- **WHAT THE TASK REQUIRES**
The answer should be every line below, repeated exactly, with the images left out.

- **SUPPLIED MATERIAL**

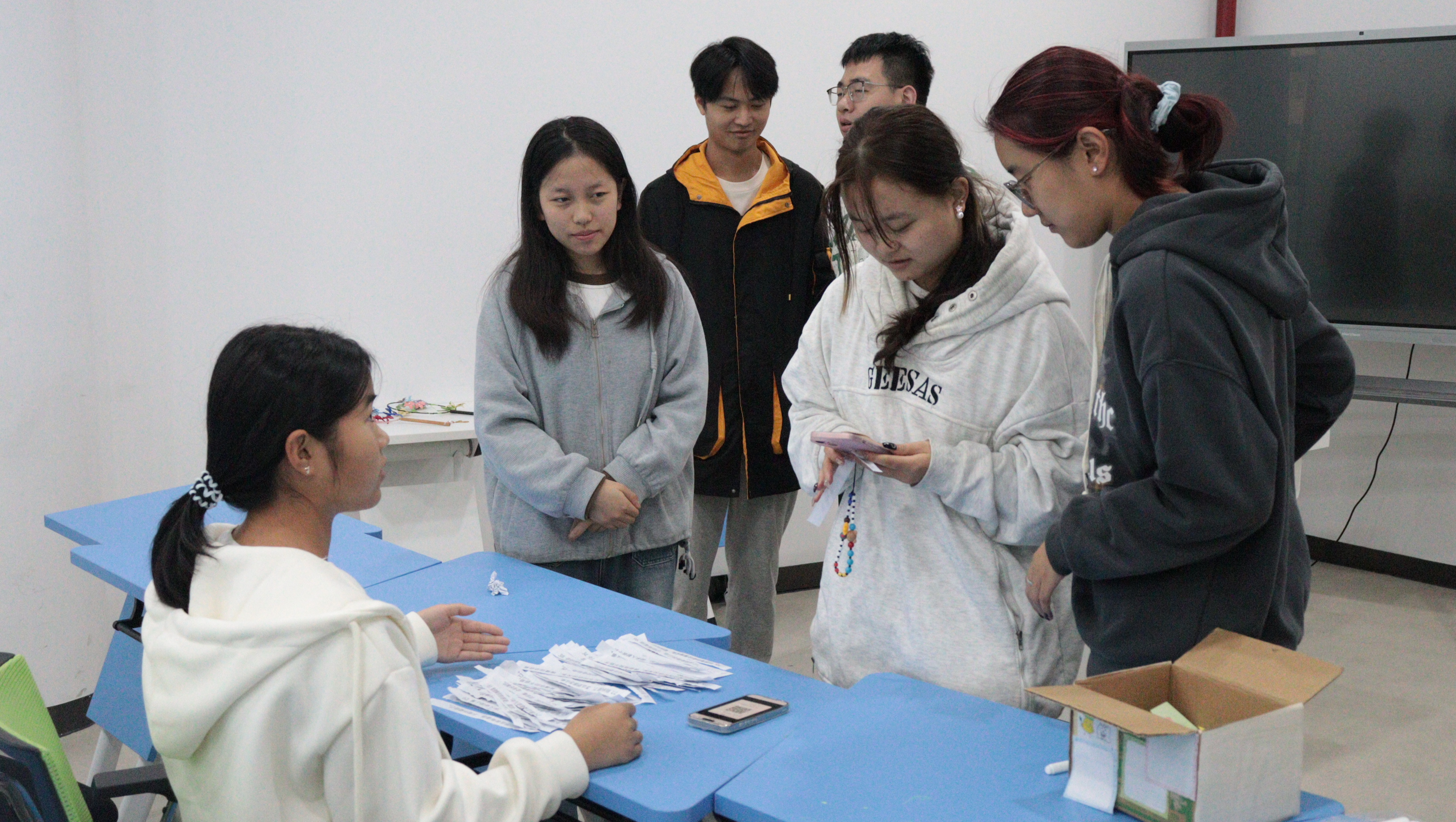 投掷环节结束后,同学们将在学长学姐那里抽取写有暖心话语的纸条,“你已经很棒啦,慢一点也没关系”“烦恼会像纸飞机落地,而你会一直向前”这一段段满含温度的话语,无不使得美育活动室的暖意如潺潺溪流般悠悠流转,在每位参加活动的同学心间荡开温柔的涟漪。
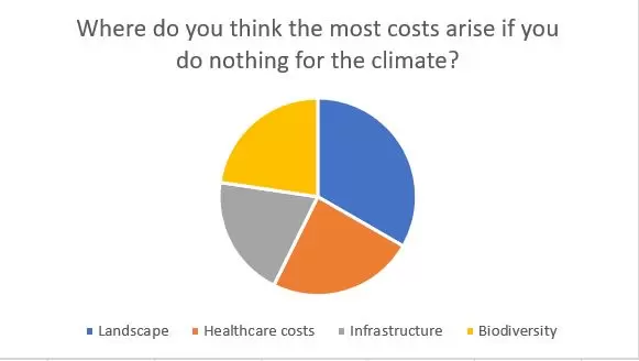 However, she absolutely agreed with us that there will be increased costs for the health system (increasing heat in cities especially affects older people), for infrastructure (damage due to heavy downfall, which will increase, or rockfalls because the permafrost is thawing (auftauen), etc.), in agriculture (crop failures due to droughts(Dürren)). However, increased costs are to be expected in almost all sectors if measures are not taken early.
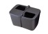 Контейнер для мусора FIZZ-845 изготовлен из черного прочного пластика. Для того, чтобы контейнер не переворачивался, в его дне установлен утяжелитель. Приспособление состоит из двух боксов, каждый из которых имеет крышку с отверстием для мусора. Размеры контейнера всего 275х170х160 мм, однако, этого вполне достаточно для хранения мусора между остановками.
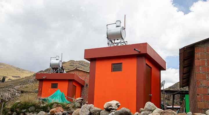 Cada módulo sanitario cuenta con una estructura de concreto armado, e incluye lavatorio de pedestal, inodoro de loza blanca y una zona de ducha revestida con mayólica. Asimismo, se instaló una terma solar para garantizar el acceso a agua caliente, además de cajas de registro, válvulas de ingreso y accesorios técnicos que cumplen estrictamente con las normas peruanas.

- **SOLUTION TO THIS EXERCISE**
 投掷环节结束后,同学们将在学长学姐那里抽取写有暖心话语的纸条,“你已经很棒啦,慢一点也没关系”“烦恼会像纸飞机落地,而你会一直向前”这一段段满含温度的话语,无不使得美育活动室的暖意如潺潺溪流般悠悠流转,在每位参加活动的同学心间荡开温柔的涟漪。
 However, she absolutely agreed with us that there will be increased costs for the health system (increasing heat in cities especially affects older people), for infrastructure (damage due to heavy downfall, which will increase, or rockfalls because the permafrost is thawing (auftauen), etc.), in agriculture (crop failures due to droughts(Dürren)). However, increased costs are to be expected in almost all sectors if measures are not taken early.
 Контейнер для мусора FIZZ-845 изготовлен из черного прочного пластика. Для того, чтобы контейнер не переворачивался, в его дне установлен утяжелитель. Приспособление состоит из двух боксов, каждый из которых имеет крышку с отверстием для мусора. Размеры контейнера всего 275х170х160 мм, однако, этого вполне достаточно для хранения мусора между остановками.
 Cada módulo sanitario cuenta con una estructura de concreto armado, e incluye lavatorio de pedestal, inodoro de loza blanca y una zona de ducha revestida con mayólica. Asimismo, se instaló una terma solar para garantizar el acceso a agua caliente, además de cajas de registro, válvulas de ingreso y accesorios técnicos que cumplen estrictamente con las normas peruanas.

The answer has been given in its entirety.